+++ Recorded data
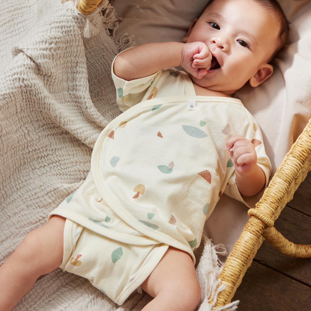| 印刷圖案以特色魔鬼氈的形狀為基礎,以富有韻律的方式排列著山、海、太陽圖案 大自然賦予的繽紛色彩,藏滿淘氣與歡樂。可快速輕鬆更換的寶寶內著 黏貼面分別在襠部、左腋下和右腋下 穿過袖子後, 3 個步驟即可更換衣服,只需打開襠部即可更換尿布,大面積黏貼面讓可隨著寶寶成長而調整衣服鬆緊 柔軟親膚性佳,多層穿搭也貼身舒適。 |
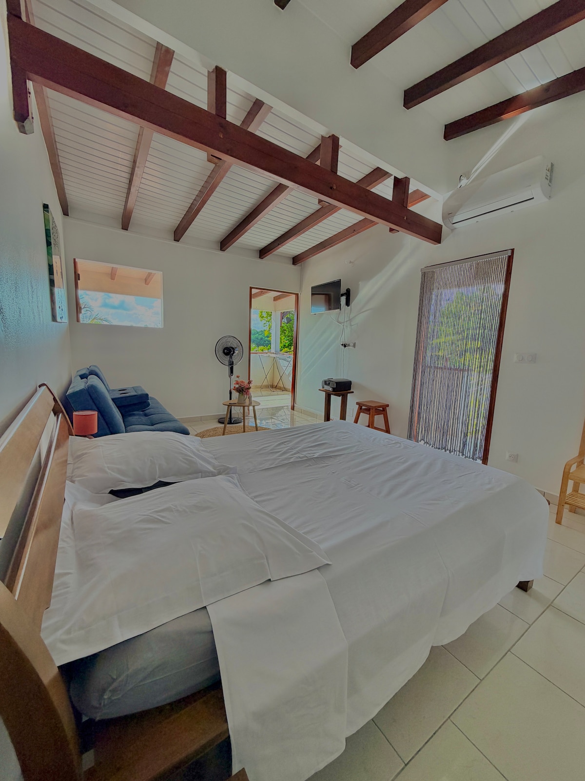 Pick bananas and cherries every morning for your breakfast, in the lush garden of this magnificent gîte open to nature. Very comfortable and air-conditioned, king-size bed. In the landscaped garden you can watch hummingbirds... Small surprise, we won't tell you more!!! Located in the heart of the Guadeloupe National Park, classified as a UNESCO World Heritage Site, the cottage allows you to combine relaxation with the nearby beach and discovery of the rainforest
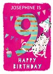 Ling design - Kids Happy Birthday card - Dalmatian dog - 9 Today
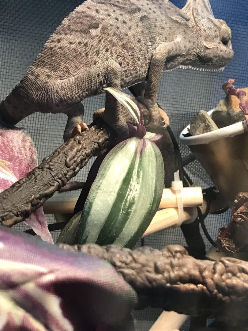 • Plants - One silk plant that we’re replacing soon, 1 wandering jew vine, 1 maidenhair fern, 1 schefflera. We have one spider plant and one Pothos that are going to replace the silk plant. Yes! All live and safe plants. I hang my fake ones on the outside door of my enclosures which gives my chams a little extra privacy. I’m guessing you’re using the safe plant list on CA.
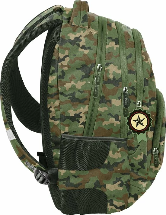 BeUniq Rugzak, Camouflage. Deze gave rugzak met een camouflage-thema is ideaal als een back-to-school cadeau. De leuke print en badges maken dit tasje helemaal af. De tas beschikt over maar liefst vier vakken met rits. Verder heeft de tas ook twee open zijvakken voor, bijvoorbeeld een drinkflesje. Comfortabel te dragen door de gepolsterde rug en schouderbanden. Een geweldig back-to-school item en een leuk cadeau om te geven of te krijgen.
++++++
* Aim of the exercise
When copying the listing above, begin at its first line and stop after the line with "Ling design - Kids", keeping each line exact and dropping the pictures.

* Exercise solution
| 印刷圖案以特色魔鬼氈的形狀為基礎,以富有韻律的方式排列著山、海、太陽圖案 大自然賦予的繽紛色彩,藏滿淘氣與歡樂。可快速輕鬆更換的寶寶內著 黏貼面分別在襠部、左腋下和右腋下 穿過袖子後, 3 個步驟即可更換衣服,只需打開襠部即可更換尿布,大面積黏貼面讓可隨著寶寶成長而調整衣服鬆緊 柔軟親膚性佳,多層穿搭也貼身舒適。 |
 Pick bananas and cherries every morning for your breakfast, in the lush garden of this magnificent gîte open to nature. Very comfortable and air-conditioned, king-size bed. In the landscaped garden you can watch hummingbirds... Small surprise, we won't tell you more!!! Located in the heart of the Guadeloupe National Park, classified as a UNESCO World Heritage Site, the cottage allows you to combine relaxation with the nearby beach and discovery of the rainforest
 Ling design - Kids Happy Birthday card - Dalmatian dog - 9 Today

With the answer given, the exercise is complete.